Task details: Would you please repeat, word for word, only the lines from the one holding "2018年,一名新加坡青年搞" through the one holding "Kış mevsiminin gelmesi" in the material below, without the pictures?

━━━━━ Data records ━━━━━

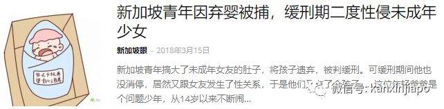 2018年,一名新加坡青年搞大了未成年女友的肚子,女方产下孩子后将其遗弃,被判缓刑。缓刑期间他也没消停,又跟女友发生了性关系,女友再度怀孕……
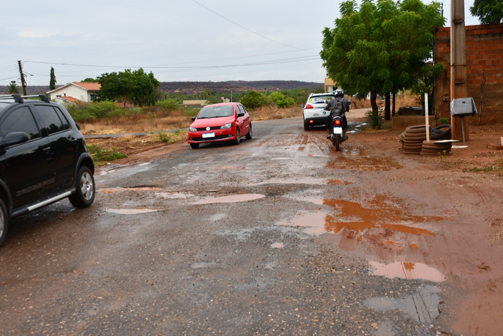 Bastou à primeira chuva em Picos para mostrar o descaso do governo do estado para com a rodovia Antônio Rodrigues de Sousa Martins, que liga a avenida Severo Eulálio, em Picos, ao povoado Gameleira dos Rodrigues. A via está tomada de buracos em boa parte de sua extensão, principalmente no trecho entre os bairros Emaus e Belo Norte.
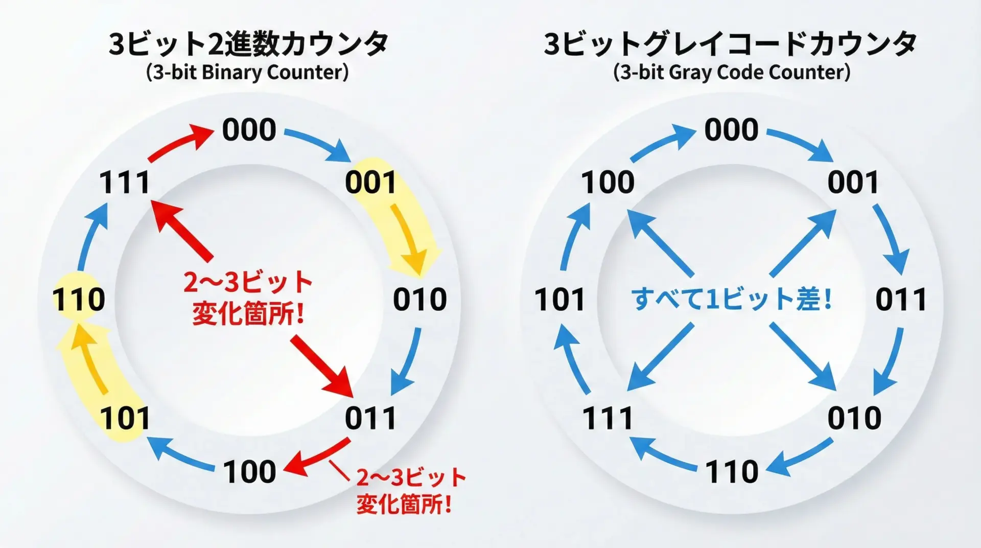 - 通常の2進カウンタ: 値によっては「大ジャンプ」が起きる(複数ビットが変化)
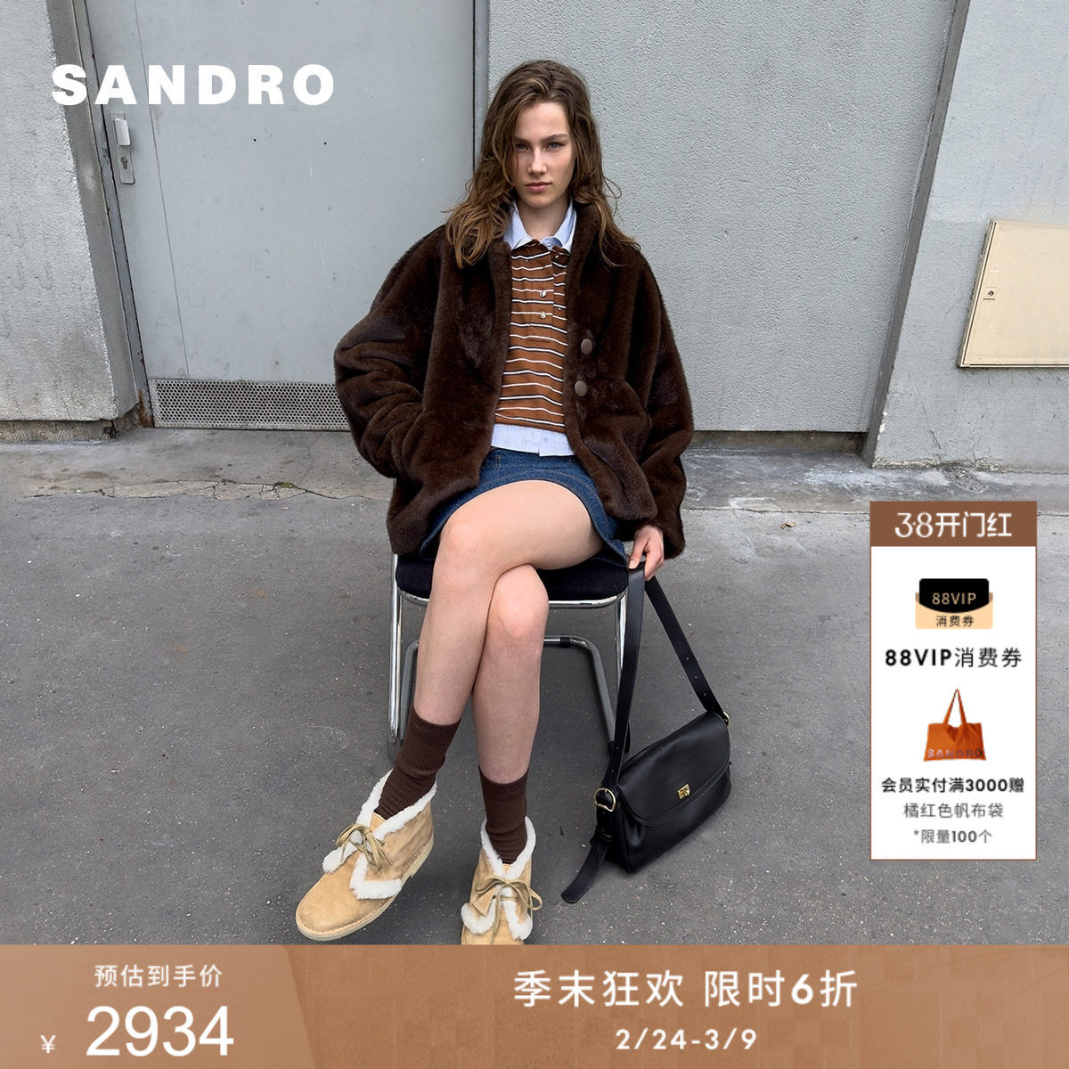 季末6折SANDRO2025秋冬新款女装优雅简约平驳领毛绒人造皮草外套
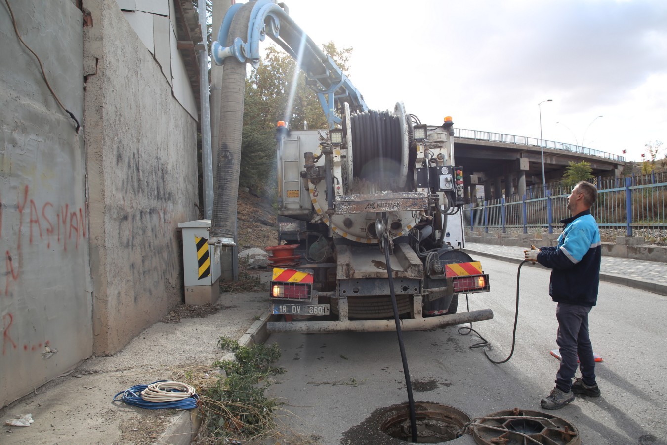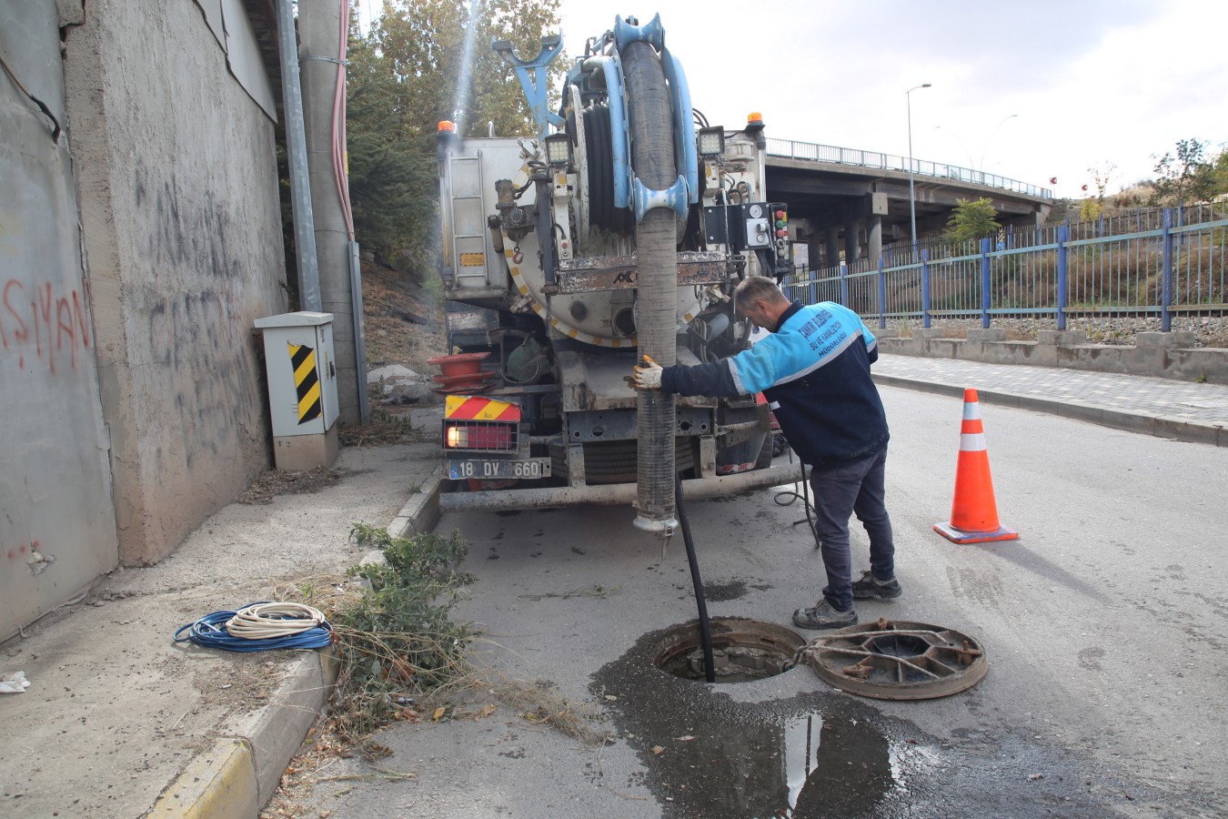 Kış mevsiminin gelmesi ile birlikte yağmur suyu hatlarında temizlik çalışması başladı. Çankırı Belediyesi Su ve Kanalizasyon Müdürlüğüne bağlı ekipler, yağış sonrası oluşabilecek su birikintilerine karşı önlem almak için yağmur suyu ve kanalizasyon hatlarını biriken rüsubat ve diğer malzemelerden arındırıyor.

━━━━━
━━━━━ Data records ━━━━━

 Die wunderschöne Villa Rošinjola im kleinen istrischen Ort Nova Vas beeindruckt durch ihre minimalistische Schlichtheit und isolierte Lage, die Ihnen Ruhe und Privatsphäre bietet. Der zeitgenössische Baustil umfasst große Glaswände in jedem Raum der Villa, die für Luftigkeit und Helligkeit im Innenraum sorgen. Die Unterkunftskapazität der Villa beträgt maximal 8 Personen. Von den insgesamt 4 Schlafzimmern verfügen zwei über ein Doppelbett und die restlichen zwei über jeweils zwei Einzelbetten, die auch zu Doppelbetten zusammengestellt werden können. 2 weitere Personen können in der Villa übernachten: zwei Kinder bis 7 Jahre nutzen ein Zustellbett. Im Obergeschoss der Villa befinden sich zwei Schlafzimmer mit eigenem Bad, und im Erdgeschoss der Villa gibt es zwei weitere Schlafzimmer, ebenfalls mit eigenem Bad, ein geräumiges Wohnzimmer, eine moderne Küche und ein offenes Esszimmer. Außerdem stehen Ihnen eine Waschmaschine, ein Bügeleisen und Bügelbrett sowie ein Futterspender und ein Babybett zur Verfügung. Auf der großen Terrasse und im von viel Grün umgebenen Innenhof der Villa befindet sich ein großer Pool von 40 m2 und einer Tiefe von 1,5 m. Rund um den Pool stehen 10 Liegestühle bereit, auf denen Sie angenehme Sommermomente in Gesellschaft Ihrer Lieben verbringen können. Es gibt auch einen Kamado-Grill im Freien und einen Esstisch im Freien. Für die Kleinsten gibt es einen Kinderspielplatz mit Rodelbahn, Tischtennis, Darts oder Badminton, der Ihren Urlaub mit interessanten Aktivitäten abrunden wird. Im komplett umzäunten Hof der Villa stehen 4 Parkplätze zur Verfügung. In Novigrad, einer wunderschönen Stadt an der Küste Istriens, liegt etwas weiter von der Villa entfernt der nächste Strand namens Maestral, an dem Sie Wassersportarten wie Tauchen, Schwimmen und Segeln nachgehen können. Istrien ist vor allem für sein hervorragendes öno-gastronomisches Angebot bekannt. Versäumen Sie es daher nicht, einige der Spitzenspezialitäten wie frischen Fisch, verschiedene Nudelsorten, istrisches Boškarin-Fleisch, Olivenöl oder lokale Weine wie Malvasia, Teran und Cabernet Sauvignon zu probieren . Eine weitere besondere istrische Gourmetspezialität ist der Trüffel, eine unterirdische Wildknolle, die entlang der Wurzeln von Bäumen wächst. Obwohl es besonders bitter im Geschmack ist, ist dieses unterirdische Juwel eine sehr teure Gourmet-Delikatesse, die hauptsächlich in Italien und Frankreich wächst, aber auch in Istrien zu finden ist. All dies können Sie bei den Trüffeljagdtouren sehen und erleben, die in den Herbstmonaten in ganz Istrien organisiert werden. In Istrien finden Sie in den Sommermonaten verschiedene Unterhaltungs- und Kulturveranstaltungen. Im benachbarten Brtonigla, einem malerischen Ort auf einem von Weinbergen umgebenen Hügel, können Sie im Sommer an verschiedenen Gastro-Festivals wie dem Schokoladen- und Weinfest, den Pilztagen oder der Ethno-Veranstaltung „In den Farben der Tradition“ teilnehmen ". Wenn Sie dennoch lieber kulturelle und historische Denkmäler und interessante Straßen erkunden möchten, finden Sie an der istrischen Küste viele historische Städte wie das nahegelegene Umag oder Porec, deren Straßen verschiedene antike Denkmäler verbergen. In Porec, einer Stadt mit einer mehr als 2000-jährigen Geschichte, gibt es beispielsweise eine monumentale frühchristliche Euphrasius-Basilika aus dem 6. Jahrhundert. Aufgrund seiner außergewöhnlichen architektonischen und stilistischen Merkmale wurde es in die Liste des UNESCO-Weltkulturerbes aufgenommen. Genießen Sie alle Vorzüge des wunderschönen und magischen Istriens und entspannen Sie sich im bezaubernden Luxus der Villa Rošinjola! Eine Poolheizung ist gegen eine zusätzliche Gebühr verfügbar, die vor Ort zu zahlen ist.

━━━━━

Reply to the task:
 2018年,一名新加坡青年搞大了未成年女友的肚子,女方产下孩子后将其遗弃,被判缓刑。缓刑期间他也没消停,又跟女友发生了性关系,女友再度怀孕……
 Bastou à primeira chuva em Picos para mostrar o descaso do governo do estado para com a rodovia Antônio Rodrigues de Sousa Martins, que liga a avenida Severo Eulálio, em Picos, ao povoado Gameleira dos Rodrigues. A via está tomada de buracos em boa parte de sua extensão, principalmente no trecho entre os bairros Emaus e Belo Norte.
 - 通常の2進カウンタ: 値によっては「大ジャンプ」が起きる(複数ビットが変化)
 季末6折SANDRO2025秋冬新款女装优雅简约平驳领毛绒人造皮草外套
 Kış mevsiminin gelmesi ile birlikte yağmur suyu hatlarında temizlik çalışması başladı. Çankırı Belediyesi Su ve Kanalizasyon Müdürlüğüne bağlı ekipler, yağış sonrası oluşabilecek su birikintilerine karşı önlem almak için yağmur suyu ve kanalizasyon hatlarını biriken rüsubat ve diğer malzemelerden arındırıyor.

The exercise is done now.